La mise à la terre sert à évacuer vers le sol un courant de fuite, pour qu’il ne passe pas par votre corps en cas de défaut : un appareil dont l’isolant lâche met sa carcasse sous tension, et la terre, couplée au différentiel 30 mA, coupe le courant avant l’électrocution. Vous pouvez vérifier sa présence avec un testeur de prise et en regardant la broche métallique de vos prises, mais la mesure de sa résistance et toute reprise du circuit reviennent à un électricien.

En deux mots : la terre seule ne protège pas, c’est le duo terre + interrupteur différentiel 30 mA qui sauve. La terre offre un chemin au courant de fuite, le différentiel détecte ce départ vers le sol et coupe en une fraction de seconde. Obligatoire dans tout logement depuis la norme NF C 15-100.

À quoi sert vraiment la mise à la terre

Un appareil électrique a une partie active (les fils sous tension) et une carcasse métallique censée rester neutre. Quand l’isolant d’un fil se dégrade et touche cette carcasse, le métal du four, de la machine à laver ou du ballon d’eau chaude se retrouve sous tension. Sans terre, il ne se passe rien de visible, jusqu’au jour où vous posez la main dessus : le courant cherche à rejoindre le sol et vous traverse.
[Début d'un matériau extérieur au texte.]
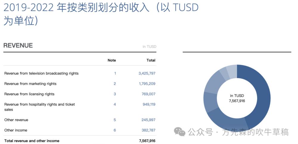 而国际足联在 2022 年卡塔尔世界杯中,获得收入也高达 63.14 亿美金,投入成本仅为 18.31 亿美元。在经历疫情的 2019~2022 年四年周期里创纪录的实现了 76.58 亿美元,环比增长了 18%。数年前玩足球的那帮中国房地产商们,看到这数据后估计会哭晕在厕所。
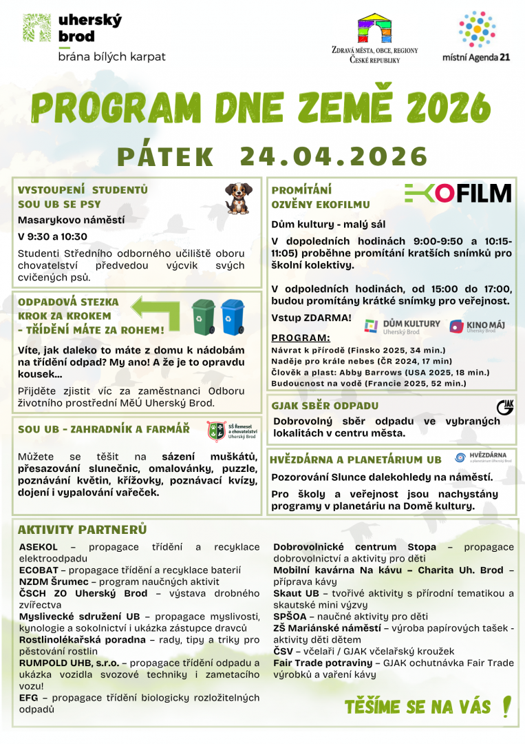 Srdečně Vás zveme na Den Země 2026, který se uskuteční v pátek 24. dubna na Masarykově náměstí v Uherském Brodě.

La mise à la terre relie ces carcasses à une prise de terre enfouie dans le sol par un conducteur dédié (le fil vert et jaune). En cas de défaut, le courant de fuite file vers la terre par ce chemin de moindre résistance, pas par vous. Ce départ anormal est aussitôt détecté par l’interrupteur différentiel 30 mA du tableau, qui coupe l’alimentation. C’est la combinaison des deux qui protège : la terre crée le chemin, le différentiel coupe.

La prise de terre est généralement un piquet en acier galvanisé enfoncé dans le sol, ou une boucle à fond de fouille coulée dans les fondations sur les constructions récentes. De là part le câble de terre qui remonte jusqu’à la barrette de mesure, puis vers le bornier de terre du tableau, d’où repartent les fils verts et jaunes vers chaque prise et chaque circuit.

Schéma de la mise à la terre d'une maison : piquet de terre dans le sol, câble de terre, barrette de mesure, bornier de terre du tableau et fil vert et jaune vers les prises
Le chemin de la terre : un appareil en défaut envoie le courant de fuite par le fil vert et jaune vers le piquet enfoui, et le différentiel coupe.

Reconnaître une installation reliée à la terre

Plusieurs indices, visibles sans rien démonter, vous disent si votre logement est relié à la terre :

  • Vos prises sont des 2P+T : deux trous (phase et neutre) plus une broche métallique qui dépasse au centre. C’est la borne de terre. Des prises à deux trous sans broche, généralisées, trahissent une installation ancienne sans terre.
  • Des fils vert et jaune sont présents dans le tableau et arrivent sur un bornier de terre.
  • Une barrette de terre (petite réglette débrochable) est visible près du tableau ou du compteur, souvent dans la gaine technique.
  • Le tableau possède au moins un interrupteur différentiel 30 mA, sans lequel la terre ne sert presque à rien pour protéger les personnes.

Dans le bâti ancien parisien, on tombe souvent sur des prises à deux trous d’origine et une prise de terre absente ou hors service : le piquet de terre des immeubles haussmanniens, quand il existe, est parfois rongé par la corrosion au fond de la cour ou de la cave, et la continuité n’est plus assurée jusqu’aux étages. Le repérage visuel ne suffit alors pas, seule une mesure tranche.

Gestes sûrs pour vérifier la présence d'une terre : inspecter la broche de la prise, brancher un testeur de prise à voyants, tester le bouton du différentiel au tableau
Les gestes sûrs : on repère la broche de terre, on branche un testeur de prise, on teste le bouton du différentiel, sans rien ouvrir.

Vérifier soi-même sa mise à la terre, sans risque

Vous pouvez contrôler la présence d’une terre à vos prises avec deux outils simples, sans jamais ouvrir une prise ni toucher un fil. Ces gestes restent en surface et ne remplacent pas la mesure de l’électricien, mais ils détectent déjà l’essentiel : une terre absente ou mal câblée.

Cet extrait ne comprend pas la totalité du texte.